Everything talked happily to a business logic server written in Java, and that server talked to a couple of different databases and some legacy systems, one of which was written in MUMPs.
It's incredibly arrogant to find it hard to believe that someone thought stored procedures are a good idea.
SPs are one possible solution among many to common some programming problems.
It's also not an either/or choice. You can have a web API and still use some stored procedures.
I don't work on things big enough to think about this, and I would be curious if there were a summary of why/ why-not to put business logic in the DB, and where it SHOULD go.

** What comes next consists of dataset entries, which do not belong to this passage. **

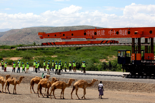 这是2014年4月27日中国铁建中土集团的工人在埃塞俄比亚德雷达瓦进行亚吉铁路先期铺轨作业的资料照片。亚吉铁路全长752.7公里,于2010年9月开始设计建造,设计时速120公里,由中国中铁和中国铁建组织施工。铁路建成后,亚的斯亚贝巴至吉布提运输时间从公路运输的7日降至10小时,这条铁路将成为埃塞俄比亚重要的出海运输通道。新华社发(刘渝 摄)
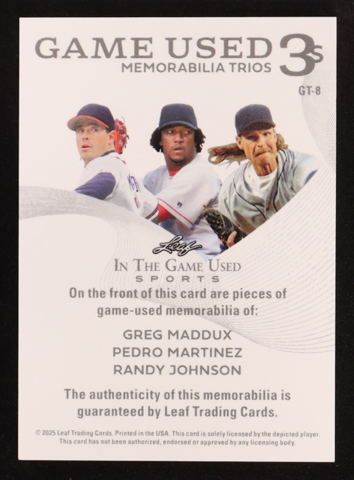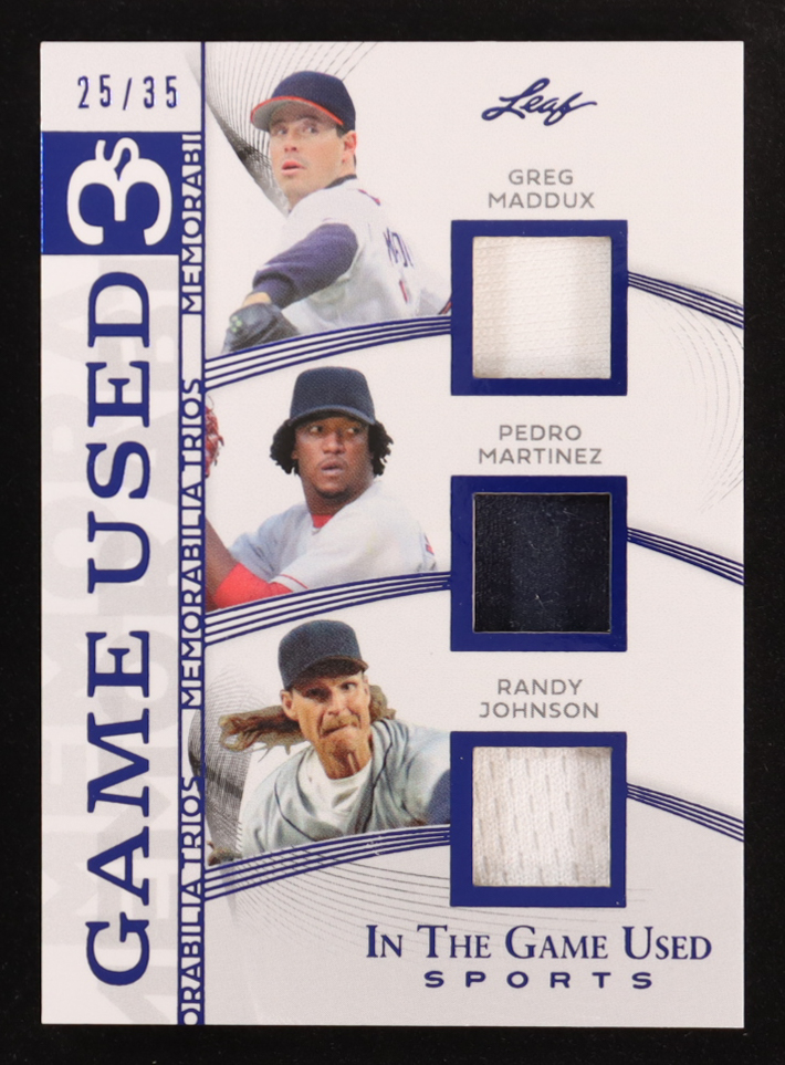 Greg Maddux / Pedro Martinez / Randy Johnson 2025 Leaf in the Game Used Trios 3's Blue Triple Relic Game-Used #GT8 #25/35
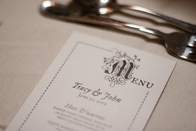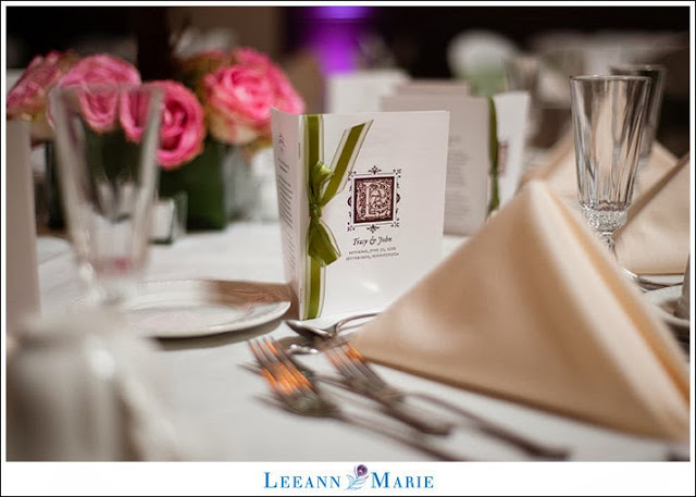 Her wedding suite was designed to look like an 18th century book.  Her 8 page program wedding ceremony program was side stitched and opened like a book.  Tying in with the wedding’s literary theme, guests enjoyed their dual entrée dinners at tables marked with the couple’s favorite love quote.
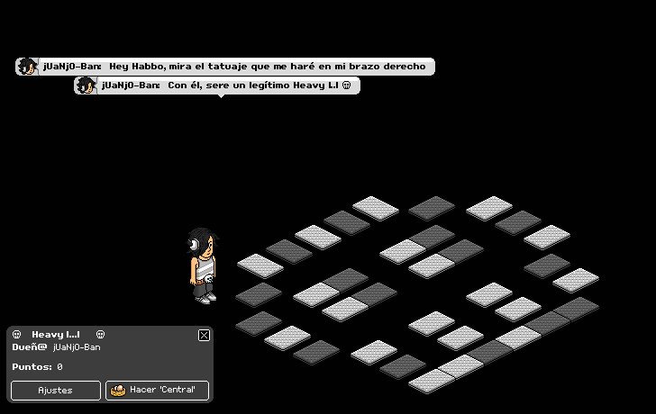 Sí, esta vez te vamos a pedir que diseñes tu propio tatuaje heavy, pero empleando en su diseño Furni que tengas disponible en una de tus Salas Privadas. Igual te da por un rosetón (quién dice que los heavies no son sensibles) o por cualquier otra figura producto de tu imaginación. Basta con que el diseño sea inconfundiblemente heavy... pero que respete igualmente la Manera Habbo.
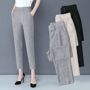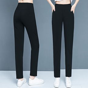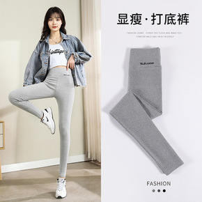 秋季新款休闲裤女外穿大码弹力紧身裤修身显瘦灰色九分...
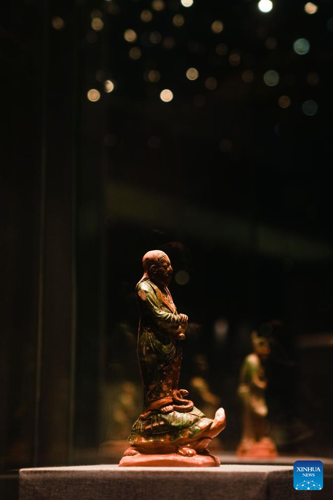This photo shows an exhibit at Kuizhou Museum in Fengjie County, southwest China's Chongqing Municipality, Oct. 27, 2025. Fengjie, a county in Chongqing where the Kuimen gateway to the magnificent gorges of the Yangtze River is located, gained its reputation as the "city of poetry," as poets, military figures and politicians in history wrote extensively about the forbidding landscape of rapid currents and narrow waterways.
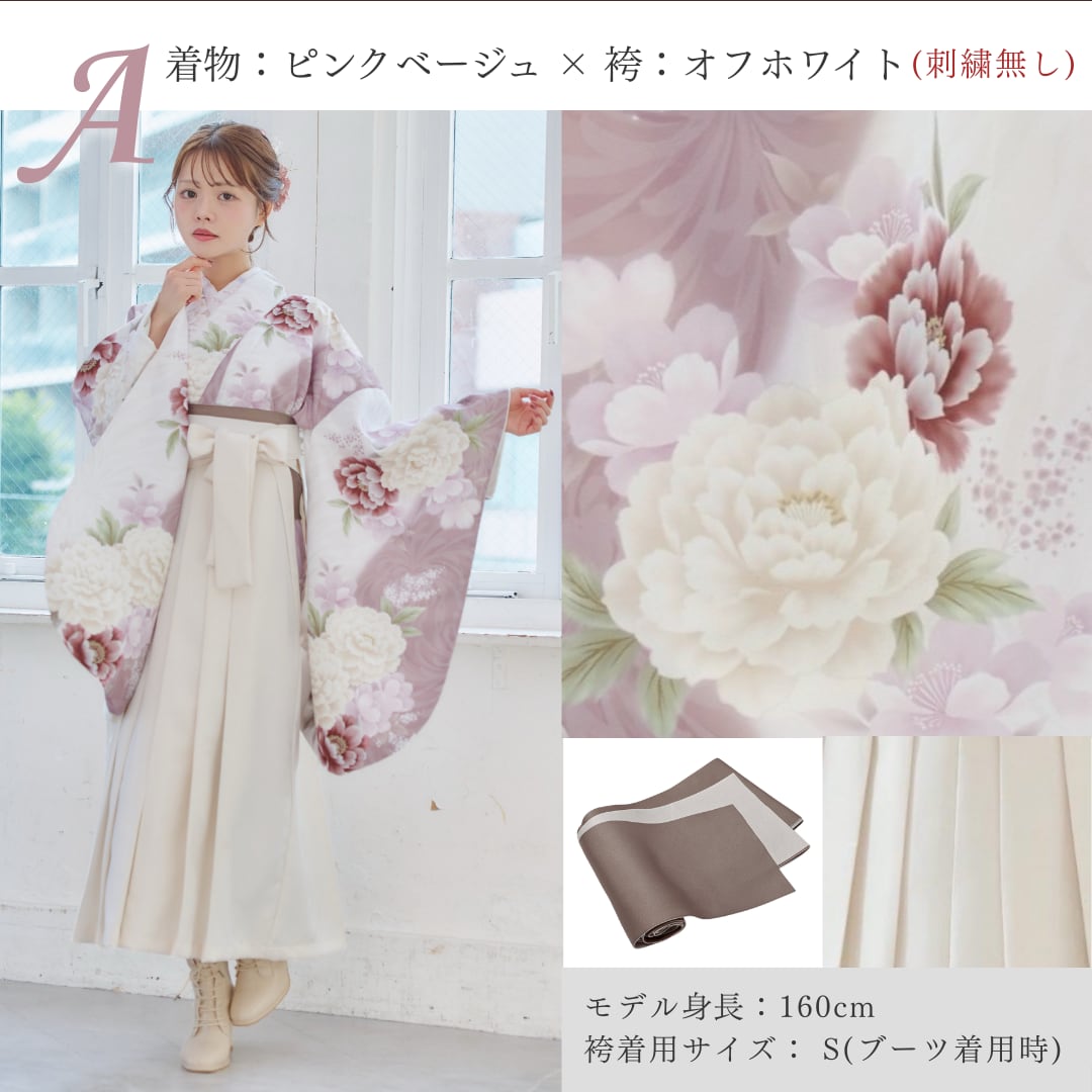 【袴4点set】ふんわり浮世牡丹(ピンクベージュ)93WWH/GR/MC
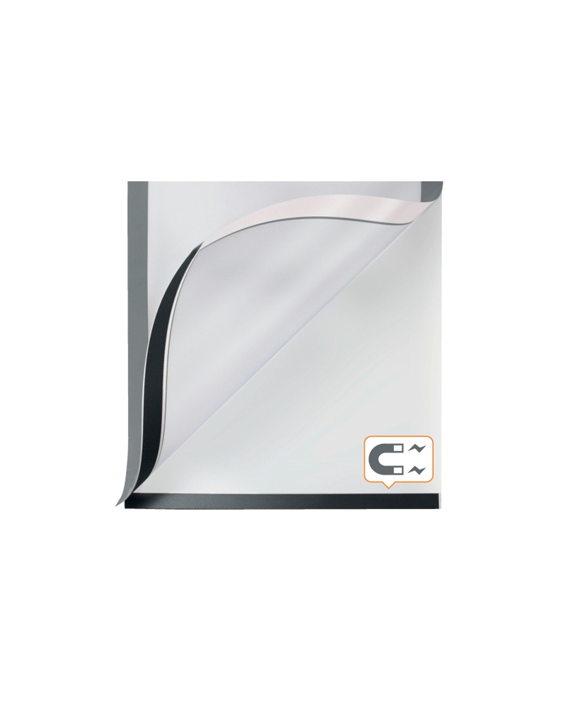 Marco magnético autoadhesivo para la exposición segura de carteles, señales e información. El marco cuenta con una banda magnética en la parte inferior del marco que permite cambiar el contenido de forma rápida y sencilla y mantener las páginas seguras. Este marco magnético se fija firmemente a superficies planas en formato vertical u horizontal gracias a su base autoadhesiva, y la tapa mate transparente ayuda a proteger el contenido que hay debajo y se puede limpiar con un paño. Área de exposición A4. Pack de 2 marcos informativos de color plata.
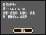 确认本机中已装入画面上所显示尺寸和类型的纸张,然后轻触 <确定>。
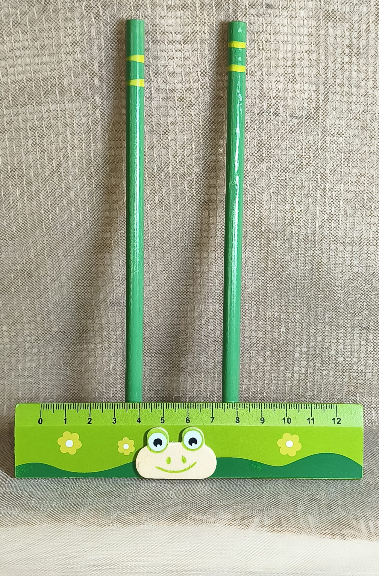 Mπομπονιερα Βαπτισης Βατραχακι Κασετινα Με 2 Μολυβια κ Χαρακα
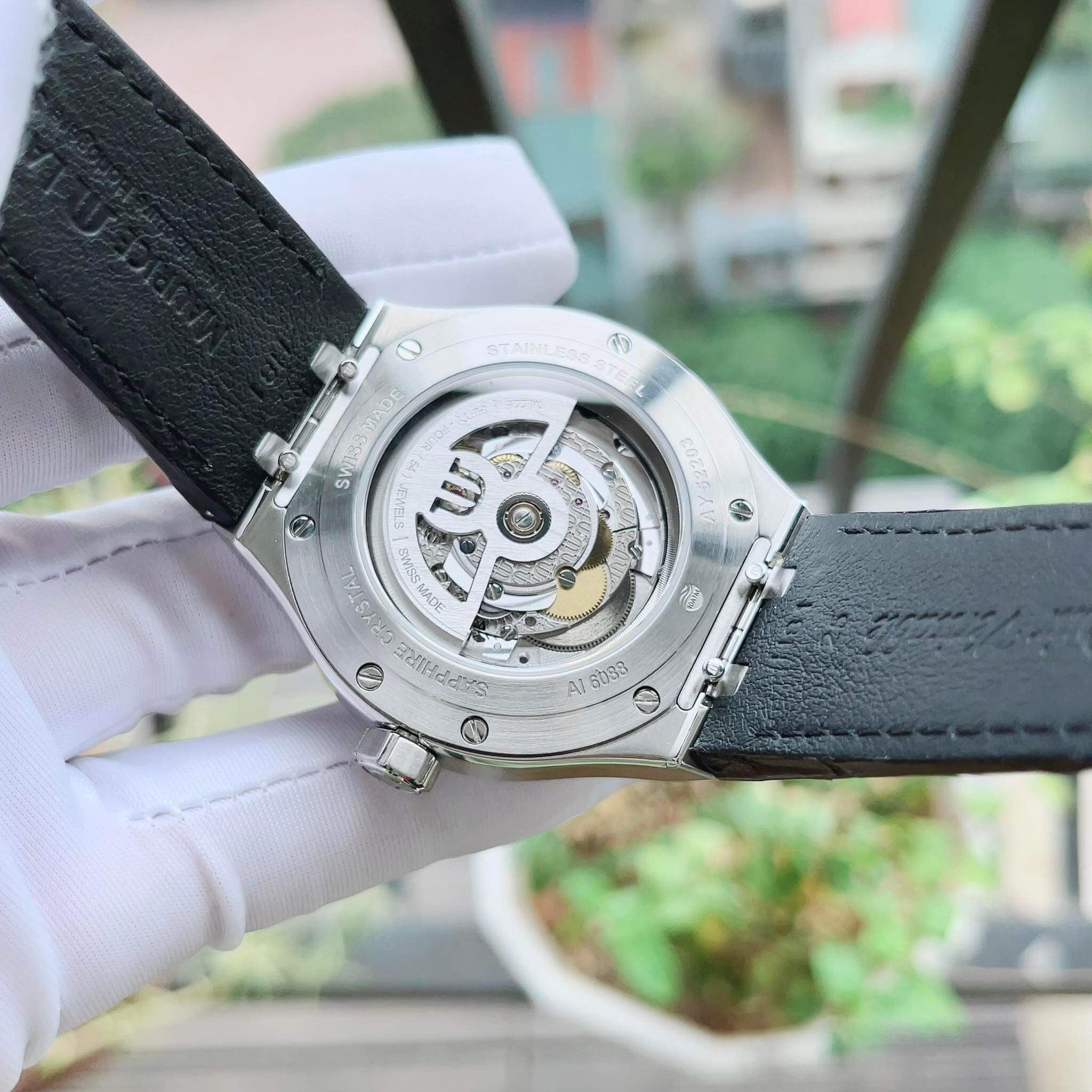 👉 Bộ truyền động ML225 (based SW-200 với cơ cấu Inhouse lắp đặt trên bộ máy) với 54 chân kính, 28800 vph & 38h tích cót. Bộ máy đc decor với vân thớ đầy đủ & khá đẹp.
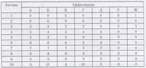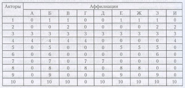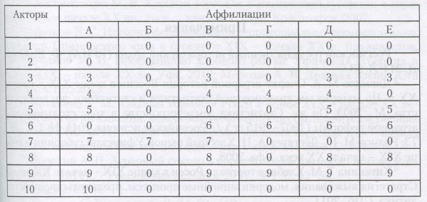 Теперь построим матрицу возможности действий каждого участника (актора) в той или иной процедуре (аффилиации). Если актор участвовал в той или иной процедуре, мы ставим советующий ему номер в столбце аффилиаций. Если он не мог принимать участия, ставим 0.
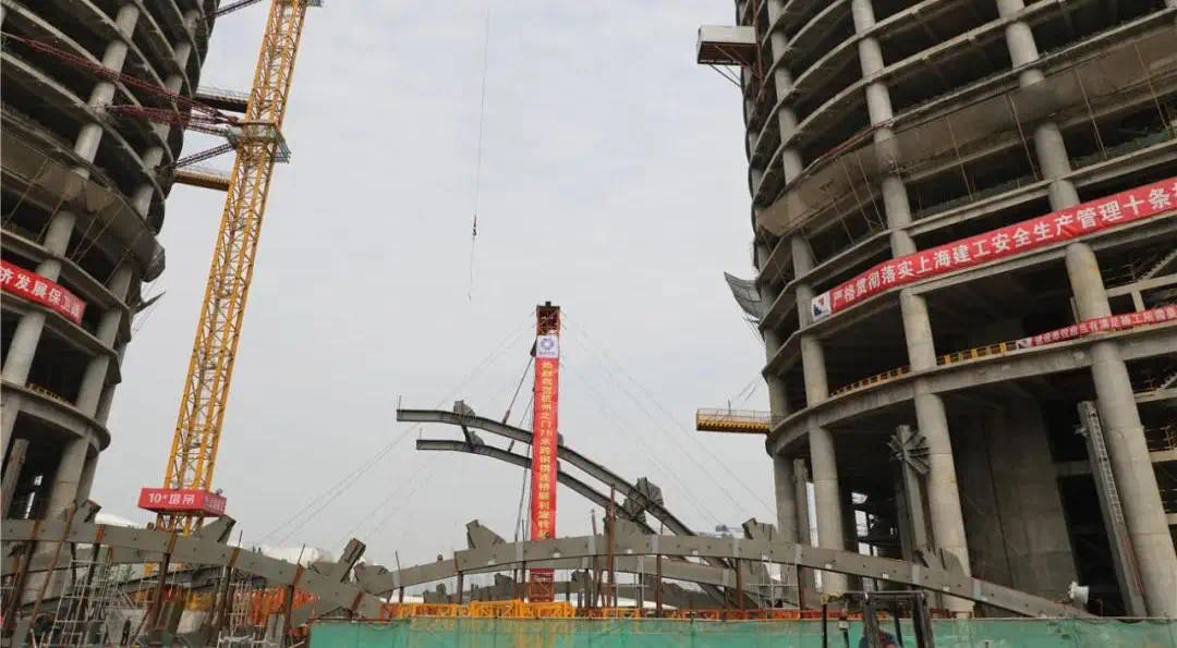 2020年4月22日,由杭萧钢构股份有限公司(以下简称“杭萧钢构”)承建的杭州之门钢结构工程随着TB-C轴、TB-E轴钢拱顺利提升至22米高空,标志着本项目钢拱连桥部位的旋转起扳提升工程正式启动。
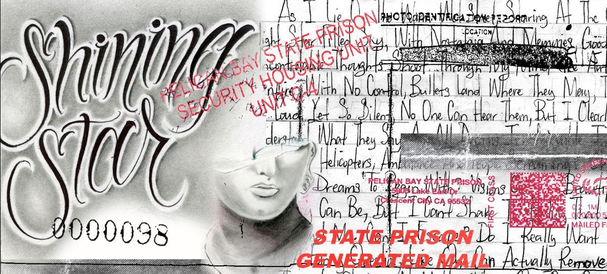 We have been receiving some emails about donations, so we decided to set up a few options. We put together a paypal for those who want to donate a dollar amount, or if you prefer to anonymously send him a gift, we have an Amazon wish list set up, where you can send him some things he needs / wants. Lastly, you can also purchase a copy of his Poetry book. It's a collection of short poems during his 7 years in Solitary Confinement, alongside my ink drawings.
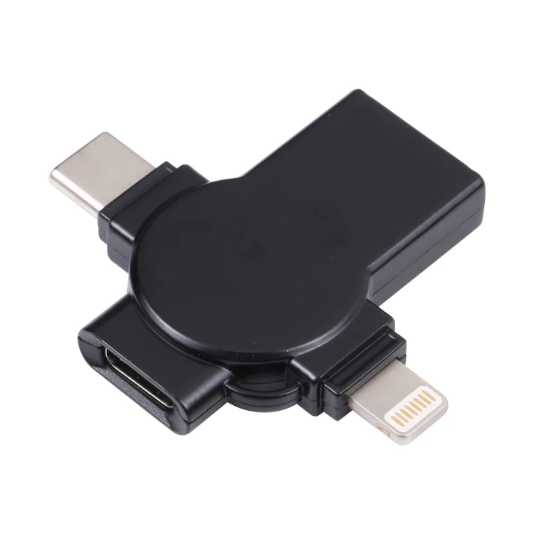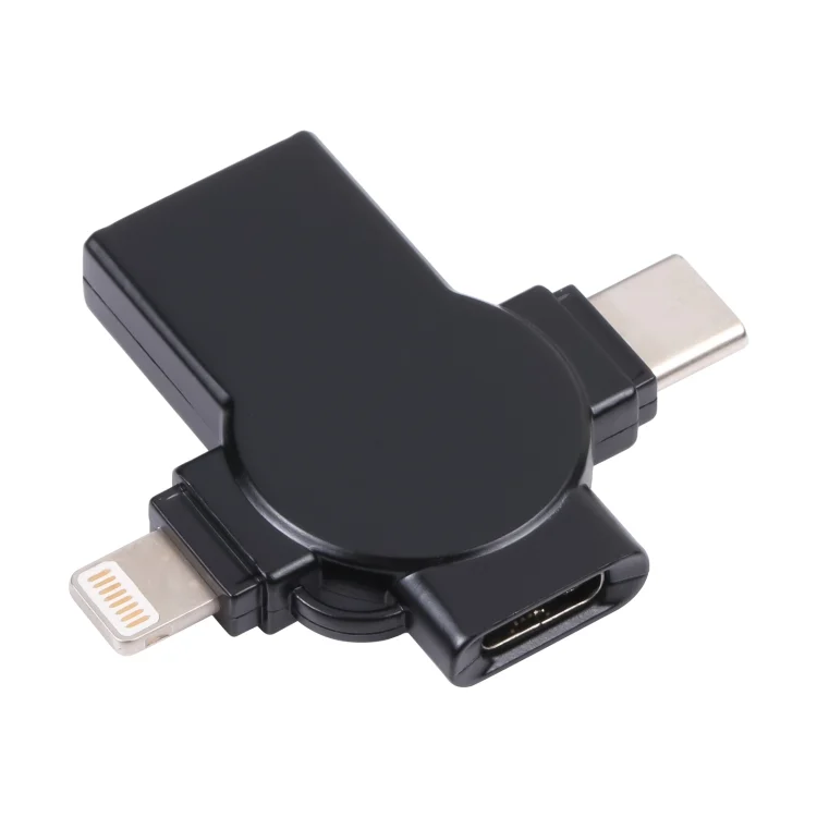 X09 4 in 1 USB to Dual 8 Pin+USB-C/Type-C Interface OTG Adapter
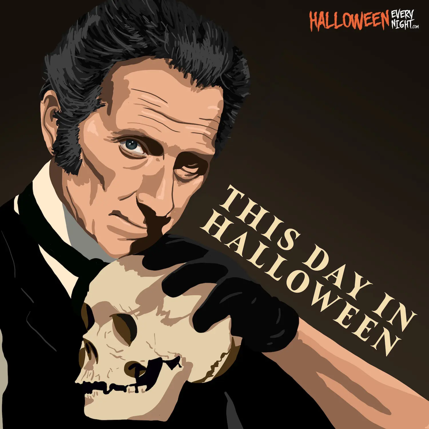This Day in Halloween: British icon and Hammer Films horror star Peter Cushing is born in Kenley, England in 1913. / Illustration by Haley Underwood
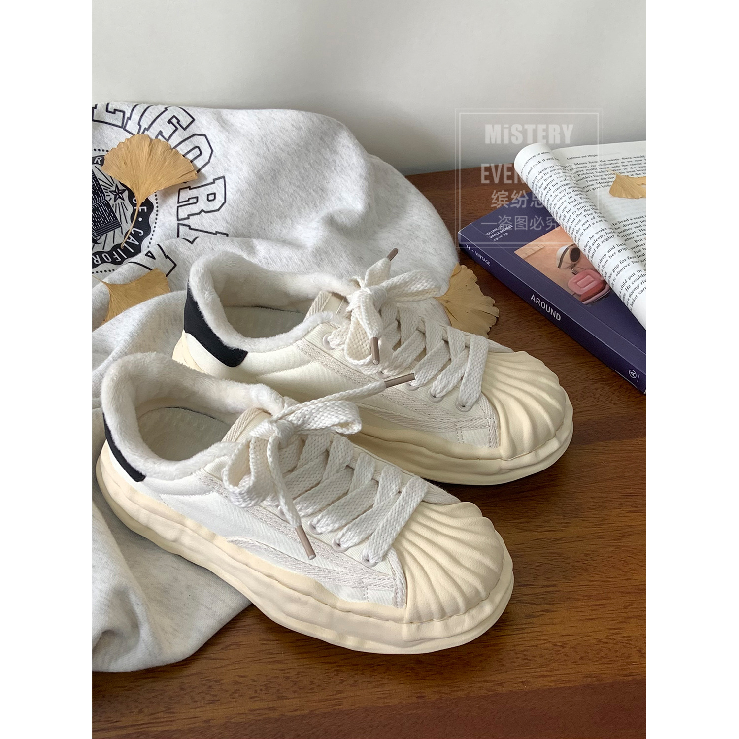 두꺼운 밑창 쉘 토우 용해 캔버스 신발 여성 키 증가 운동화 2024 새로운 다목적 운동화 Ins 트렌드 MIS-634

I remember having that exact argument in 2005. Someone not only thought it was a good idea, but thought it was a good enough idea to aggressively argue with me for.
The whole codebase was this Lovecraftian nightmare where I kept fearing I would go insane if I kept reading.
Like Etsy, I discovered you needed a lot of them, and worse, they weren't very easy to debug or version control. I think I decided to pull them back into the application layer in the face of those problems, and I probably would have avoided the SP path entirely if I'd known about sharding back then.
They chose a new architecture and platform which made the broken process impossible for technical reasons, but I wonder if they would have gotten the same benefit cheaper if they just had fixed the process in the first place?
But I guess it is easier politically to shift platform than changing a process which reflects turfs and hierarchies in the organization.
As a quick example, how else would you do an upsert (update or create) with a single trip to the database server?
For whatever it's worth, you shouldn't need sprocs for security; in fact, sprocs provide one more way for SQLI to sneak into your code (dynamic queries based on tainted input inside the procedure) --- something that comes up a lot when DBAs are forced to be a first line of defense against attacks.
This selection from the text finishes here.